• [Work request] Copy exactly the lines starting at the one that contains "Title (ebay affiliate" and running through the end of the material below. Exclude any pictures.

Raw data START

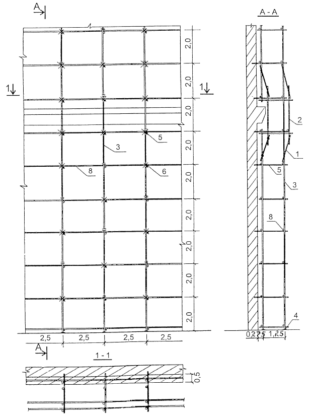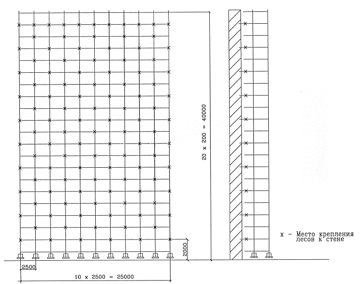 ИЛЛЮСТРАЦИИрис.1 Схема установки лесов по наружному ряду стоек. Общий вид. 1 - башмак опорный; 2 - стойка короткая; 3 - стойка длинная; 4 - связь короткая; 5 - связь длинная; 6 – поперечина; 7 - связь диагональная; х - крепление лесов к стене
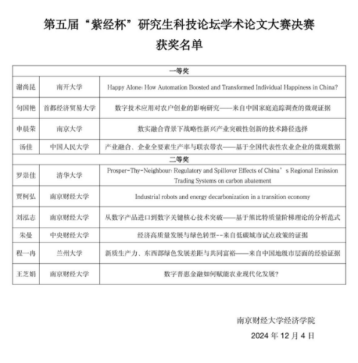 附:第五届“紫经杯”研究生科技论坛学术论文大赛决赛获奖名单
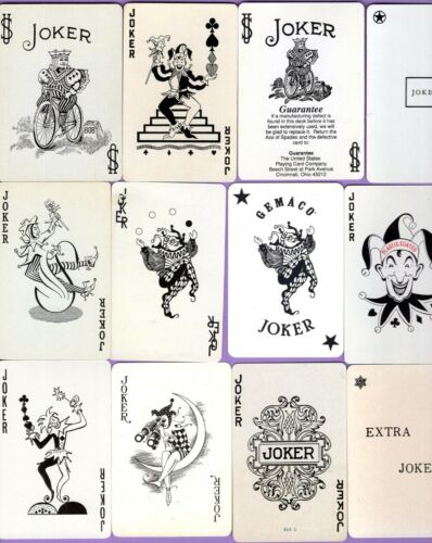 Title (ebay affiliate link): 12 Single Swap Playing Cards JOKERS BICYCLE JESTERS FIGURES ETC B&W SOME VINTAGE
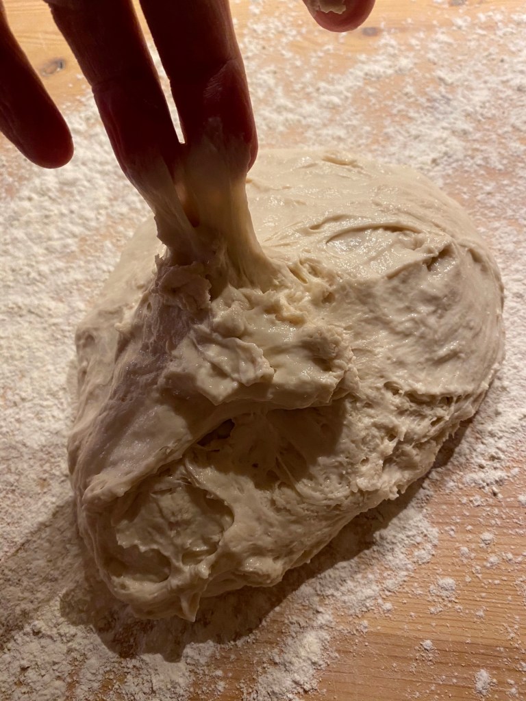 Mjöla en ren yta och ta ur degen med en slickepott. Degen ska vara ganska kladdig. Mjöla lite på toppen. Vik degen en gång och rulla sedan ihop den försiktigt. Mjöla igen och upprepa.

Raw data END

• [Answer for this exercise]
 Title (ebay affiliate link): 12 Single Swap Playing Cards JOKERS BICYCLE JESTERS FIGURES ETC B&W SOME VINTAGE
 Mjöla en ren yta och ta ur degen med en slickepott. Degen ska vara ganska kladdig. Mjöla lite på toppen. Vik degen en gång och rulla sedan ihop den försiktigt. Mjöla igen och upprepa.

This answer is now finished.